We trained four binary classifiers—support vector machines (SVM), naive Bayes (NB), decision tree (DT), and K-nearest neighbors (KNN). The target class of the classification was patients with PD. Classifiers had the following parameters: SVM: Gaussian kernel with γ = 6.4 ; NB: nonparametric Gaussian NB; DT: maximal number of nodes was set to 100, and the optimal feature for current node was selected by Gini’s diversity index; KNN: k = 13 , and the distance metric was cosine similarity. Input features of KNN and SVM were standardized. The mean of the feature was subtracted from every value in the column, and this value was divided by its standard deviation. We validated the classifiers with fivefold cross-validation; the cross-validation accuracy is shown in Table 3.
Table 4 includes five metrics. Validation accuracy represents the average accuracy of classification from every K-fold classifier.
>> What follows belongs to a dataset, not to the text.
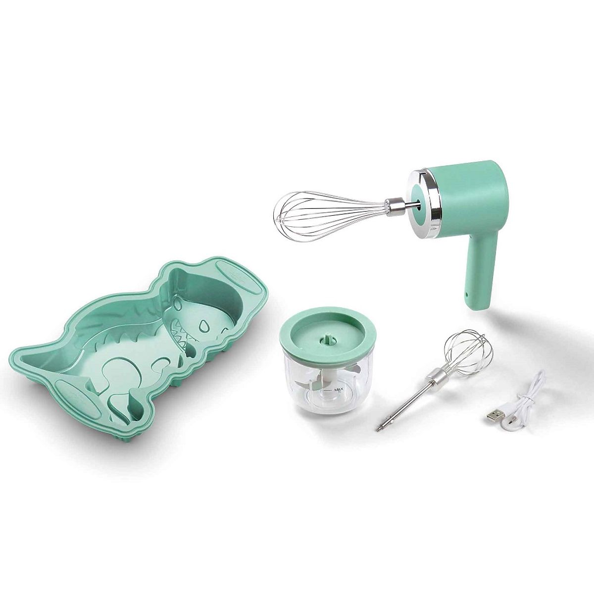 Ali vaši otroci radi preživljajo čas v kuhinji in želijo biti samostojni? S tem setom 3v1 lahko. Set orodij za peko je prava izbira za male kuharje. Vključuje ročni mešalnik, sekljalnik in silikonski model za peko. Vsak element tega seta je zasnovan s poudarkom na praktičnosti in enostavni uporabi. Mešalnik in sekljalnik sta lahka, tako da ju otroci brez težav nosijo in držijo. AKU ročni mešalnik z 2 nastavkoma ima 5 hitrosti. Sekljalnik s prostornino 300 ml. Silikonski model v obliki dinozavra je nelepljiv in prilagodljiv. Model prenese ekstremne temperature: do 230 °C in -40°C, zato je primeren za pečico in tudi na primer za zamrzovalnik. Dimenzije modela so 27x17x6 cm, kapaciteta 950 ml. Brez BPA. Enostavno polnjenje s pomočjo USB kabla. USB kabel je priložen. Ta aparat lahko uporabljajo otroci, če so pod nadzorom odrasle osebe ali so bili poučeni o varni uporabi aparata in razumejo morebitne nevarnosti. Glavne lastnosti: 3v1 v enem olajša pripravo različnih jedi odličen pomočnik v kuhinji

Sensitivity shows the ability of the classifier to detect PD patients that truly have PT, whereas specificity is the ability to identify healthy people that do not have PT. Precision is the probability of making correct decision, when our classifier categorizes the measurement as a patient with PT. Subsequently, the F 1 -score is the weighted average precision and sensitivity, and the formula is F 1 = 2 s e n s i t i v i t y p r e c i s i o n / ( s e n s i t i v i t y + p r e c i s i o n ) . All classifiers reach a validation accuracy higher than 90%. Although only the DT reaches sensitivity values higher than 95%, all four classifiers have a specificity higher than 95%. We highlight the DT that has the best F1 score.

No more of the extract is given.